Deploy Amazon EMR Studio and provision users

To deploy an EMR Studio for data exploration and job authoring, the ARA library has a construct called NotebookPlatform. This construct allows you to deploy as many EMR Studios as you need (within the account limit) and set them up with the authentication mode that is suitable for you and assign users to them. To learn more about the authentication modes available in Amazon EMR Studio, refer to Choose an authentication mode for Amazon EMR Studio.

The construct creates all the necessary IAM roles and policies needed by Amazon EMR Studio. It also creates an S3 bucket where all the notebooks are stored by Amazon EMR Studio. The bucket is encrypted with a customer managed key (CMK) generated by the AWS CDK stack. The following steps show you how to create your own EMR Studio with the construct.

The notebook platform construct takes NotebookPlatformProps as a property, which allows you to define your EMR Studio, a namespace, the name of the EMR Studio, and its authentication mode.

  1. In lib/emr-eks-app.ts, add the following line:
    const notebookPlatform = new ara.NotebookPlatform(this, 'platform-notebook', {
    emrEks: emrEks,
    eksNamespace: 'dataanalysis',
    studioName: 'platform',
    studioAuthMode: ara.StudioAuthMode.IAM,
    });

    For this post, we use IAM users so that you can easily reproduce it in your own account. However, if you have IAM federation or single sign-on (SSO) already in place, you can use them instead of IAM users.To learn more about the parameters of NotebookPlatformProps, refer to NotebookPlatformProps.

    Next, we need to create and assign users to the Amazon EMR Studio. For this, the construct has a method called addUser that takes a list of users and either assigns them to Amazon EMR Studio in case of SSO or updates the IAM policy to allows access to Amazon EMR Studio for the provided IAM users. The user can also have multiple managed endpoints, and each user can have their Amazon EMR version defined. They can use a different set of Amazon Elastic Compute Cloud (Amazon EC2) instances and different permissions using job execution roles.

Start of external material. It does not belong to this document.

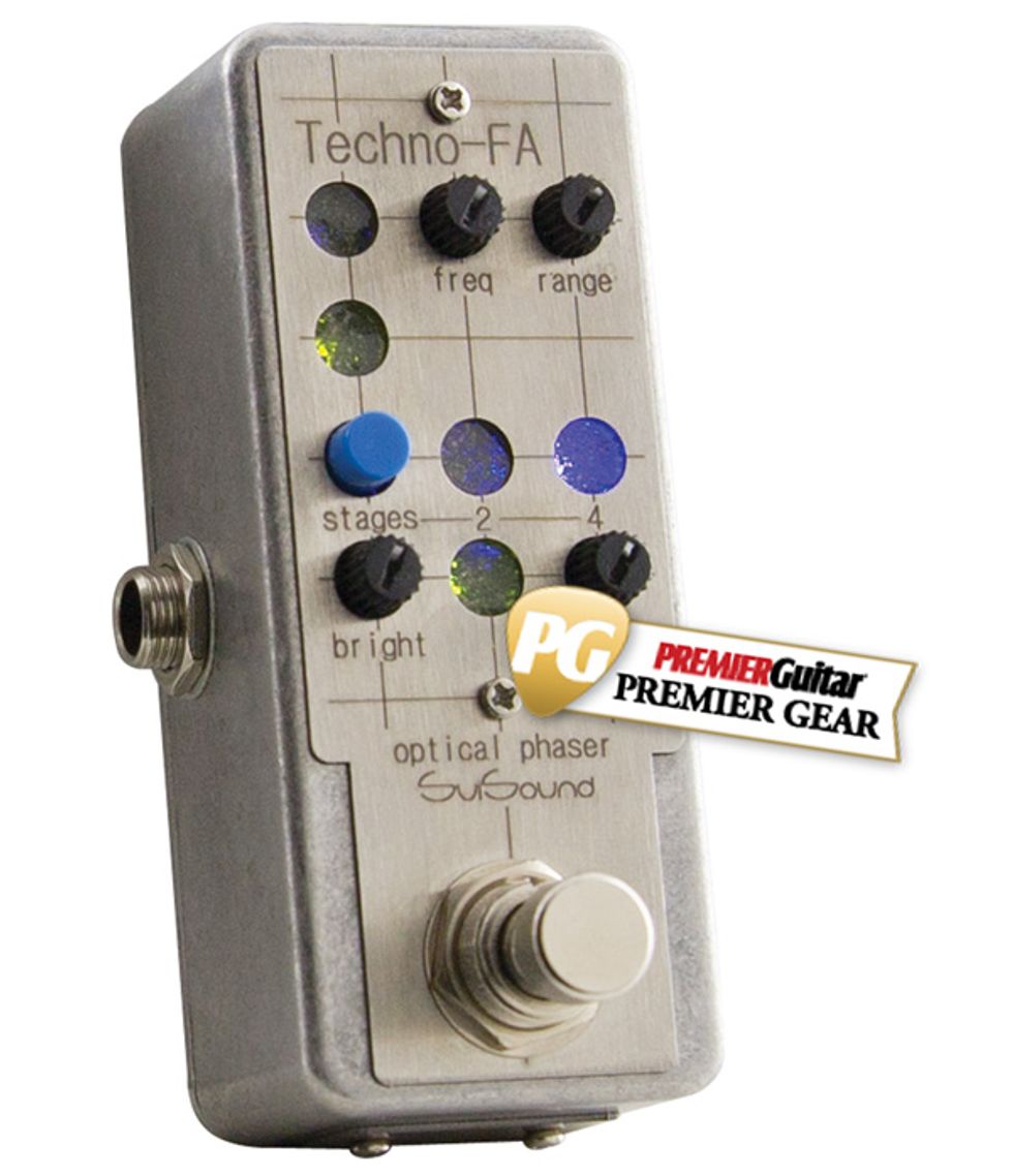Hailing from Count Dracula's favorite shipping port (Varna, Bulgaria), the SviSound Techno-FA is, pound for pound, inch for inch, one the most powerfully addicting phasers on the market. Packed into its 1.5" x 3.6" steel housing is an analog circuit with four mini knobs—frequency (rate), range (how far the effect shifts in each cycle), bright, and depth—a pushbutton for selecting two- or four-stage phasing, and a slightly confusing array of sci-fi-cool LEDs indicating effect status, stage selection, and phasing rate.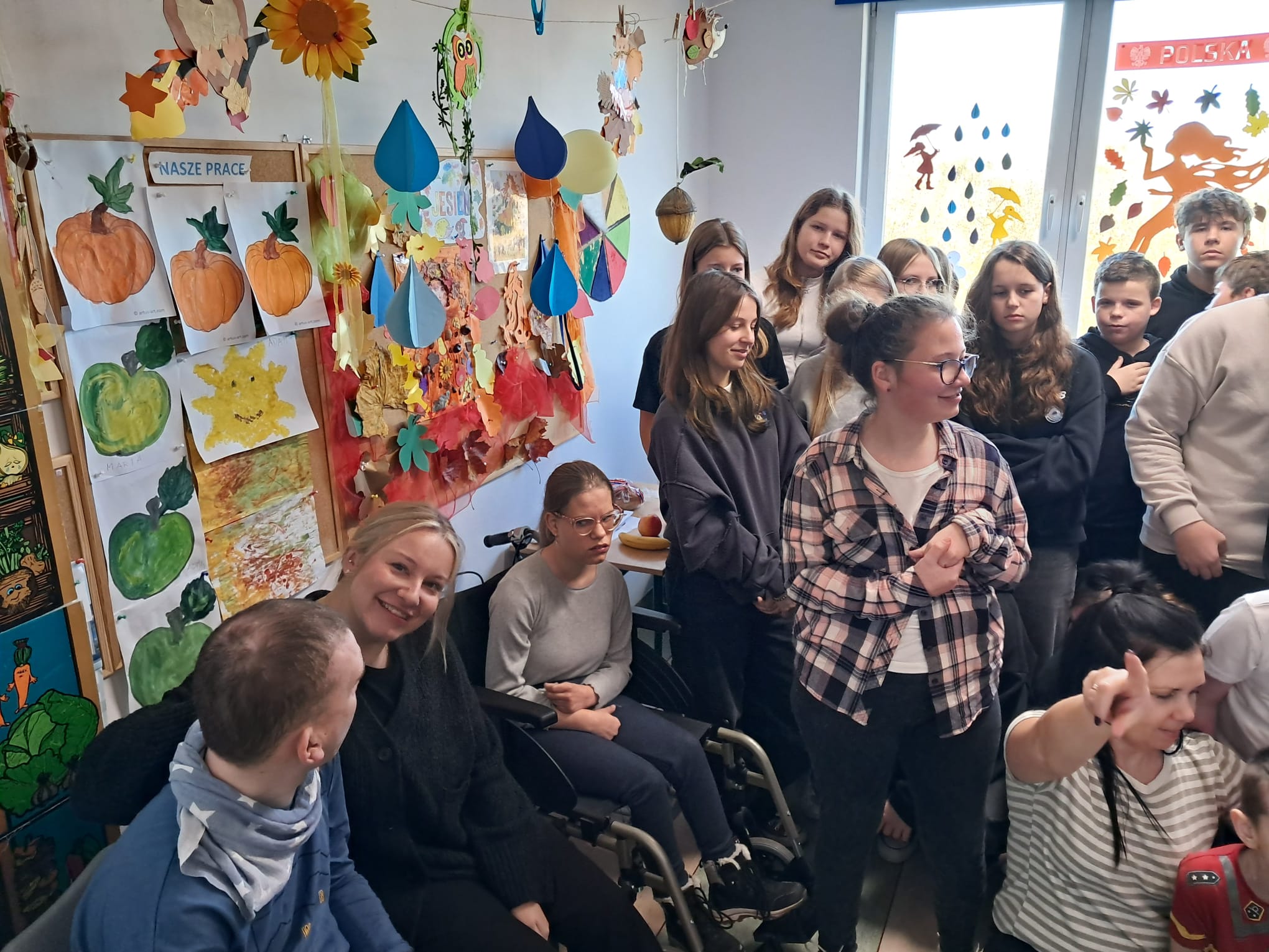 W dniu 6 listopada 2025 r. odbyło się  spotkanie w ramach stałej współpracy uczniów klasy 7D z uczniami Specjalnego Ośrodka Szkolno-Wychowawczego.

  2. In lib/emr-eks-app.ts, add the following line:
    notebookPlatform.addUser([{
    identityName:<NAME-OF-EXISTING-IAM-USER>,
    notebookManagedEndpoints: [{
    emrOnEksVersion: 'emr-6.8.0-latest',
    executionPolicy: emrEksPolicy,
    managedEndpointName: ‘myendpoint’
    }],
    }]);

    In the preceding code, for the sake of brevity, we reuse the same IAM policy that we created in the execution role.

    Note that the construct optimizes the number of managed endpoints that are created. If two endpoints have the same name, then only one is created.

  3. Now that we have defined our deployment, we can deploy it:
   npm run build && cdk deploy

You can find a sample project that contains all the steps of the walk through in the following GitHub repository.

When the deployment is complete, the output contains the S3 bucket containing the assets for podTemplate, the link for the EMR Studio, and the EMR Studio virtual cluster ID. The following screenshot shows the output of the AWS CDK after the deployment is complete.

CDK output
Submit jobs

Because we’re using the default Provisioners, we will use the podTemplate that is defined by the construct available on the ARA GitHub repository. These are uploaded for you by the construct to an S3 bucket called <clustername>-emr-eks-assets; you only need to refer to them in your Spark job. In this job, you also use the job parameters in the output at the end of the AWS CDK deployment. These parameters allow you to use the AWS Glue Data Catalog and implement Spark on Kubernetes best practices like dynamicAllocation and pod collocation. At the end of cdk deploy ARA will output job sample configurations with the best practices listed before that you can use to submit a job. You can submit a job as follows.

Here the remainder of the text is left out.